Most people misinterpret me. They feel that I am confused and don't know exactly what I want. I don't think so. Just because my behavior is blurry, doesn't mean I don't know what I am doing and what I am gonna do. I find myself, a lot of time, doing stuff in the totally opposite side of what I've said, but hey....like I've said, 'ignore my behavior.' You do whatever you wanna do, but remember one thing, I've done my part even though it sounds pretty selfish. Sorry. But maybe you don't know the whole me just yet.
Monday, November 20, 2006
1) A Great Family: I have one hell of a great family, start off from my parents, my grandparents (all passed away), my siblings, aunts and uncles. They are great people, love me and support me. I know when I look back, they are always there for me with no doubt.
2) Great Friends: I have a lot of friends and good friends, but very few great friends. When I say they are great, I mean same as family. I've met all of my great friends from grades school to high school, from college to post college. I value quality over quantity.
3) A Great Boyfriend: Dan is awesome! He is not only my BF, but also my best friend, and honestly if you asked me about him 6 years back, I wouldn't have said that, but turn out, he is one fine man. Every time I turn around, I know he's there and I just love that feelings.
4) A Great Ear: You know what I mean. This is not plural. I have only one good ear, which is the right (from the surgery.)
5) Food and Water: I've never struggled.
6) A Place to Live: I've never struggled.
7) A Faith: I believe a man/ a woman without faith is like one without a soul. I'm thankful for the faith I've always had, which keep my going.
9) Many Little Things in Life: People I have met along the way, lessons I learn daily, mistakes I've made, love I have given, love I have received, and friendship.
10) Advanced Medicines: This may sound a little funny, but without those technologies and allergy medication, I really can't imagine what would have happened to me right now.
Sunday, November 19, 2006
"Let's talk about other things" is my way to politelt say that: "okay! I explain myself enough. Either you need to shut up or we will talk about something else because I don't care anymore about what you think."
Lately, I've met this kind of I-only-believe-in-what-I-believe-and-other-who-think-differently-are-wrong people. I can't even explain how sick I am with these humans. So my take has changed. I only go: okay! we have different views...why don't we just talk about other things." The funny part is that, these people will not stop. It's like they are in this religious colt and want to get you converted. Even though you do not wish to continue, they will keep ranting about stupid stuff. It actually reminds me of myself when I was like 13 years old. I was like that too, but as I get older...a little more life lessons later, I've changed. Anyhow, I guess, some people will never change at all..no matter what. This is when different value comes in.

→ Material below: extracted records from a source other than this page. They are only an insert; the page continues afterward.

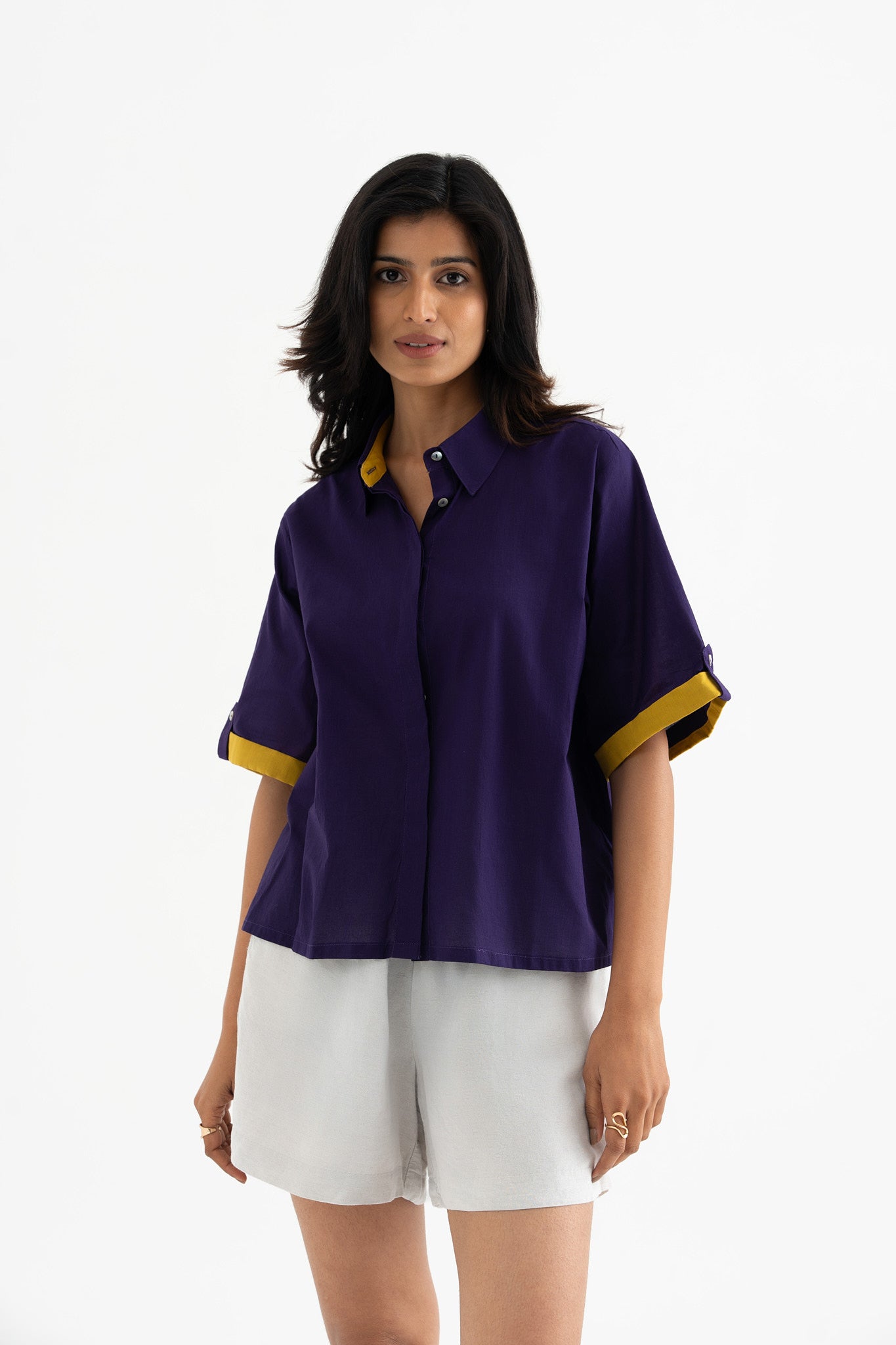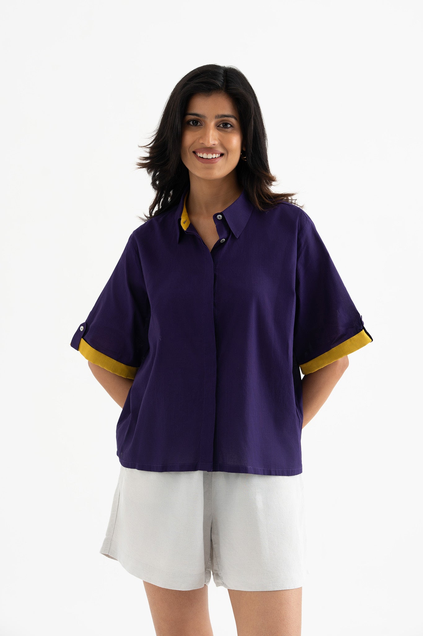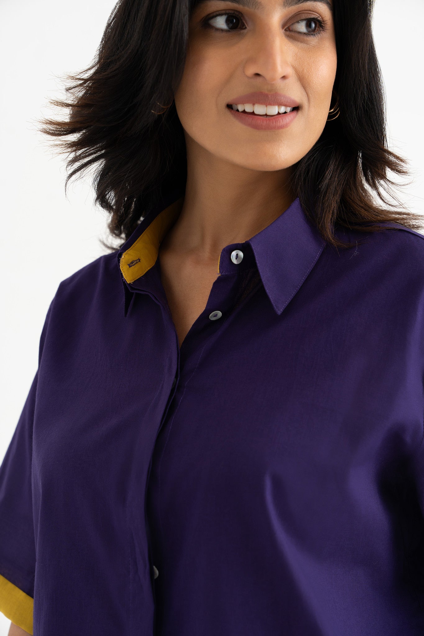 Elevate your wardrobe with this deep purple pure cotton collared shirt top, featuring a striking hand-block-printed swirl fish motif at the back. The contrasting inner collar and sleeve detail add a refined touch, making it a perfect blend of comfort and contemporary style.
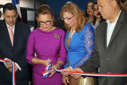 Iris Guaba corta la cinta de las nuevas oficinas, acompañada del director general de Migración, José Ricardo Taveras; Hilda Rodríguez, encargada de la dependencia aquí y Silvio Durán,...Camino lamenta olvido de hechos
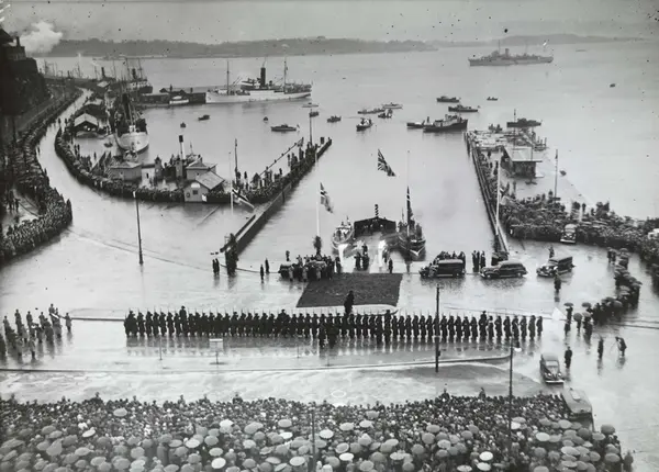 Dronning Mauds begravelse, honnørbryggen, skip, gardister, biler, publikum, regnvær, paraplyer
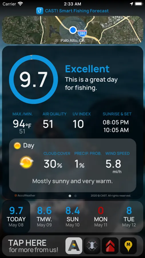 This app combines solunar & weather information to measure the day's peak conditions for fishing.
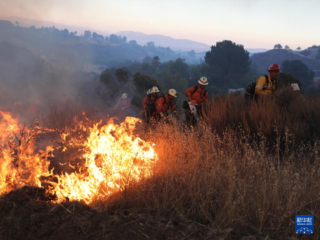 8月7日,在美国加利福尼亚州文图拉县,消防员在山火现场观察火情。
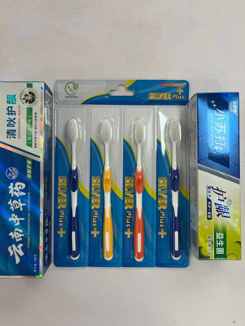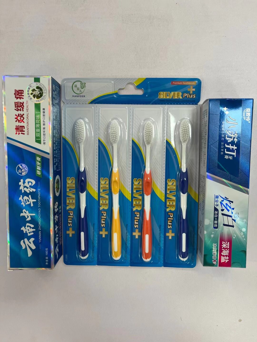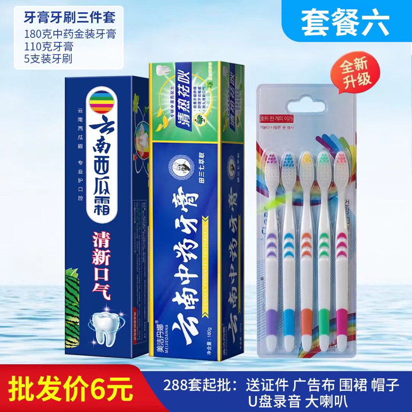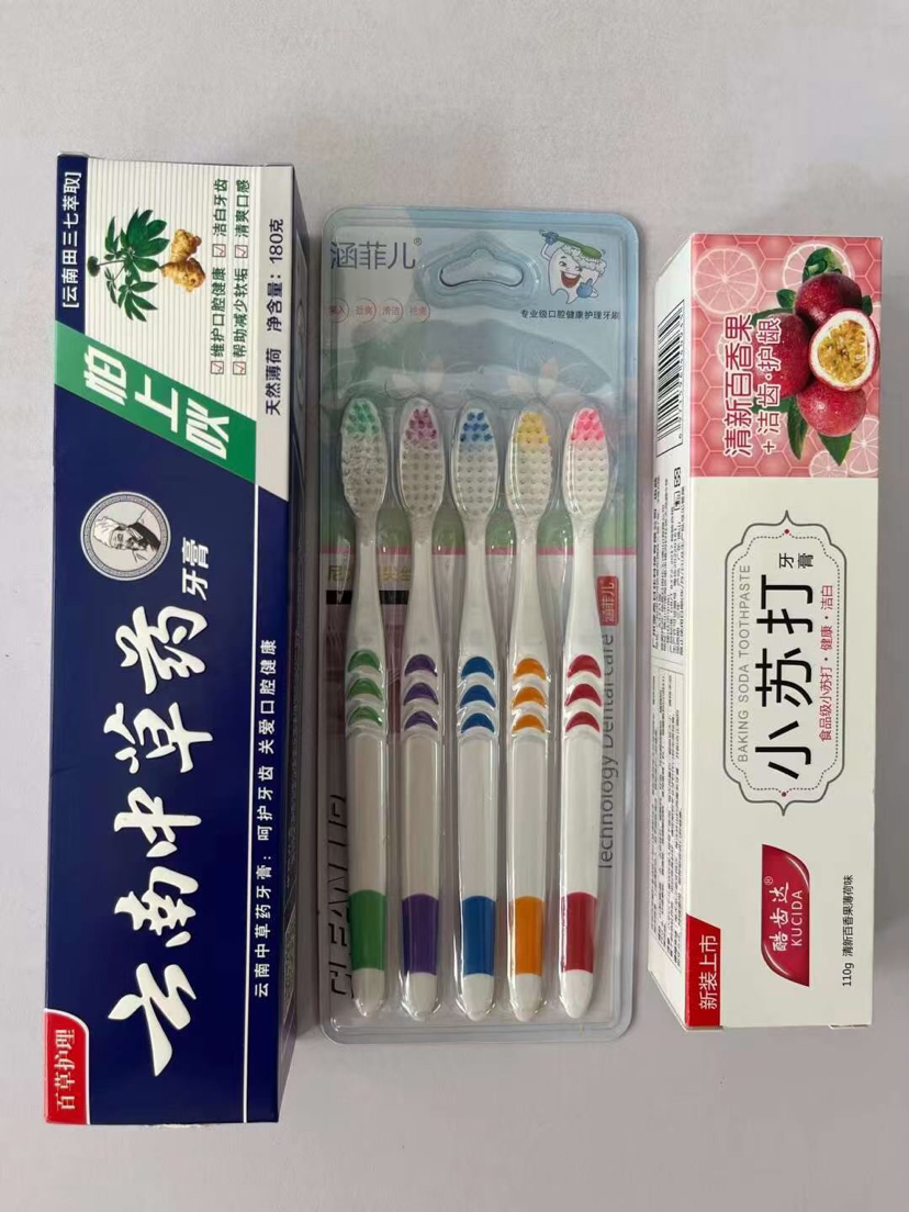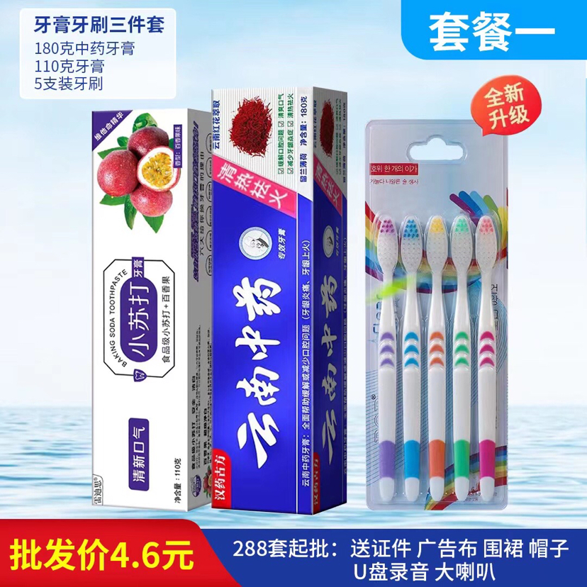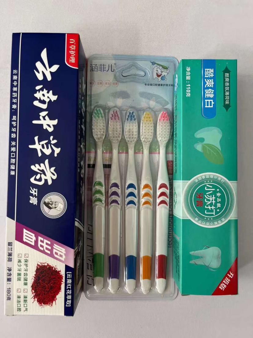 Puesto de venta al por mayor juego de pasta de dientes juego de cepillo de dientes nuevo juego de pasta de dientes tres juegos de pasta de dientes paquete de cepillo de dientes uno por uno
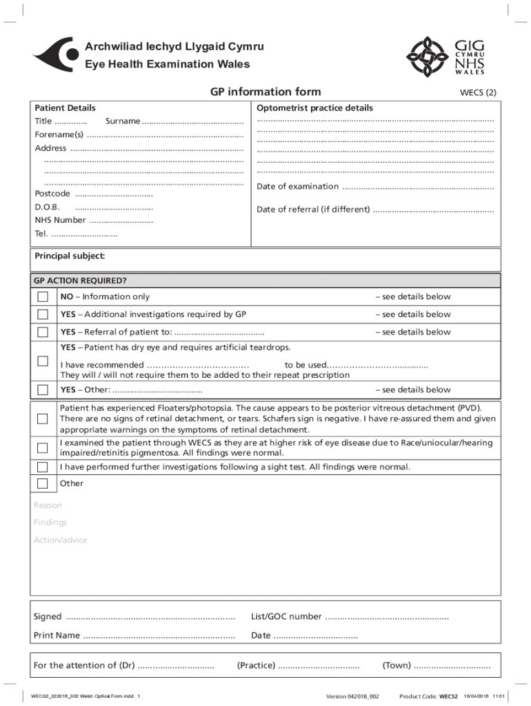 To fill out the Welsh Eye Care Scheme, practitioners must complete a designated form that includes patient details, the nature of the services provided, and any relevant clinical findings.
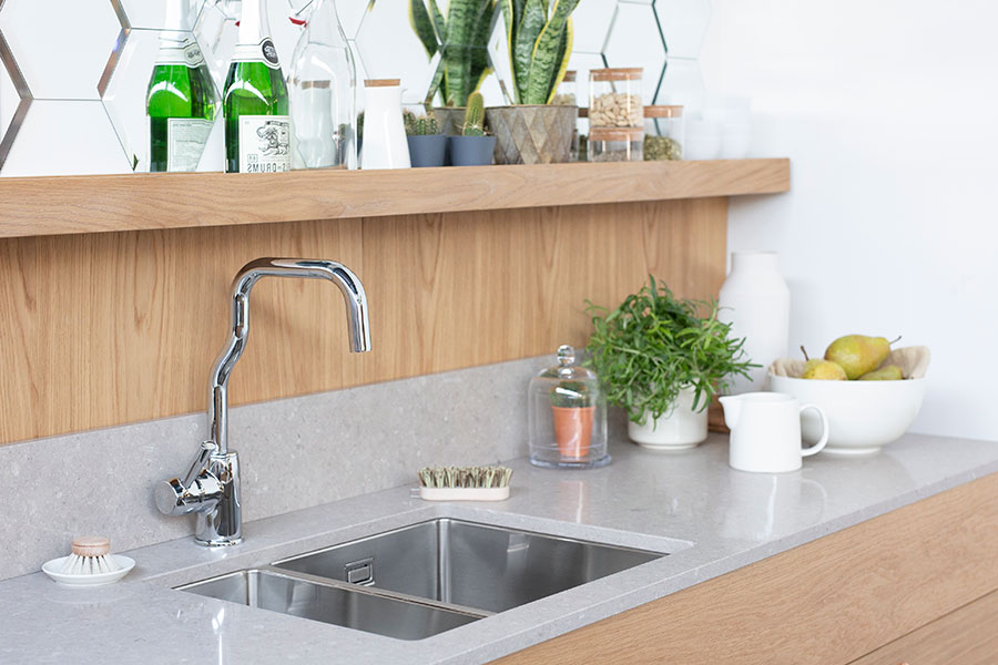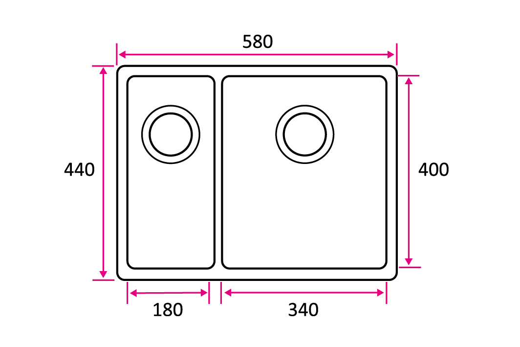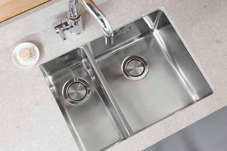 LAGOM-18-34 sink can fit into an 60 cm wide sink cupboard. It has a top quality MONOedge, which fits all methods of installation. The sink is at its best when under mounted onto the counter top. The narrow edge between the bowls saves room and adds a finishing touch to the modern appearance.
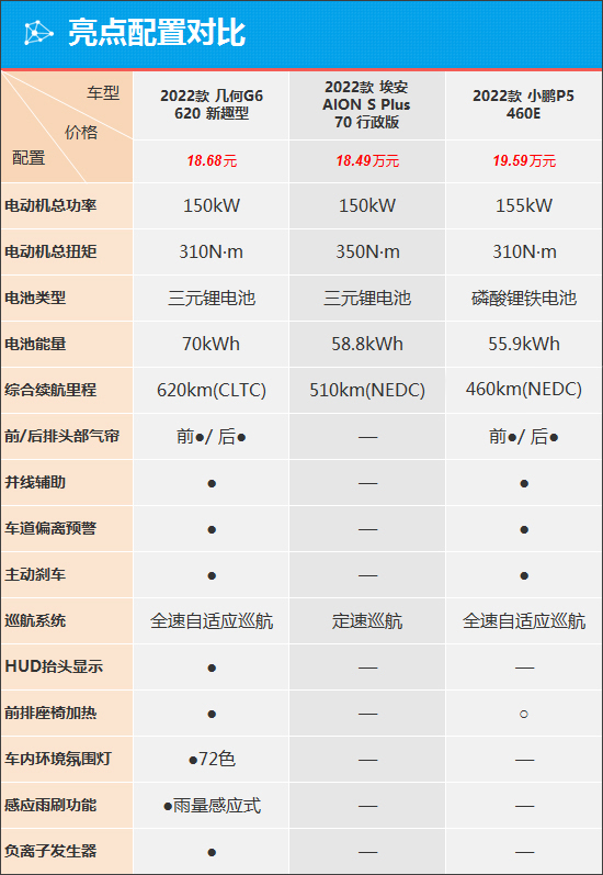 具体到车辆配置层面,所选车型在保证价格相近的前提下,差异较为明显。首先三款车型中仅有几何G6和小鹏P5配备了较为全面的主/被动安全配置,并且还提供了全速自适应巡航等时下热门功能,反观埃安AION S Plus虽然为标准续航版本,但并非最低配车型,主动安全配置的缺失确实有点令人意外。
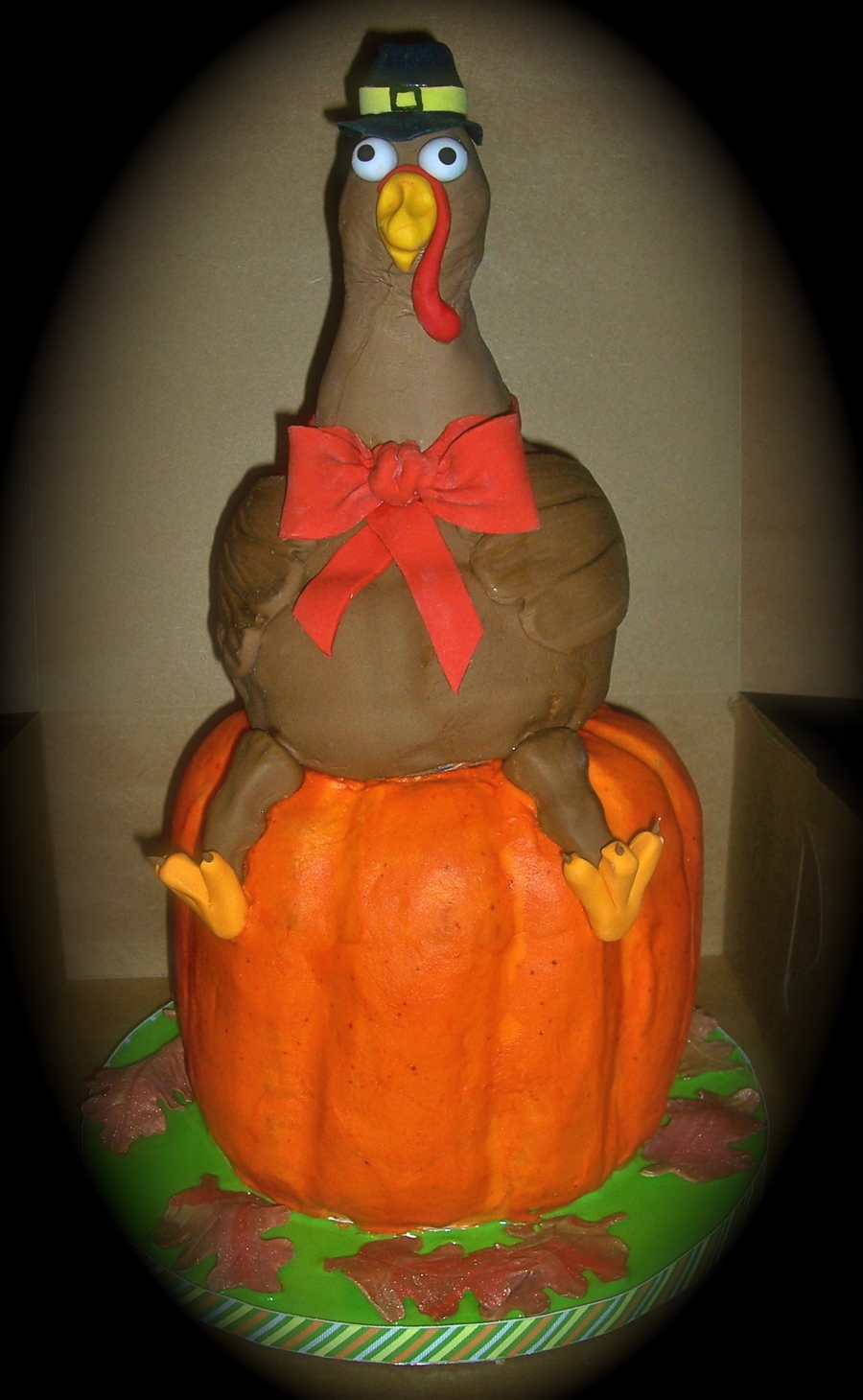 All edible. Took picture before adding the gumpaste turkey's feathers because they would not travel without damage.

"He who knows does not speak.
He who speaks does not know.
He who knows others is wise.
He who knows himself is enlighten." By Lao-Tzu, The Way of Lao-Tzu
Saturday, November 18, 2006
10:00pm: We saw Dena's ex sitting with his new little girlfriend. I was thinking...what an ass! Why would he bring his new GF to a place of business that basically his ex wife and sons work there. The girl is so young....literally younger than his youngest son. You see this picture. The solely reason the girl is with him is clear---money.
10:30pm: Dena's son walked in. You see this half Caucasian/ American, half Jordanian who is super cute.
11:00pm: We relocated to the Usual Suspect next door since the music at Bleecker Street was getting pretty loud. The next door bar reminded me of those upscale bar in Bangkok. Only that, the bartender is extremely cute. I told Dena, she definitely needed to recruit this Jake guy for her new restuarant.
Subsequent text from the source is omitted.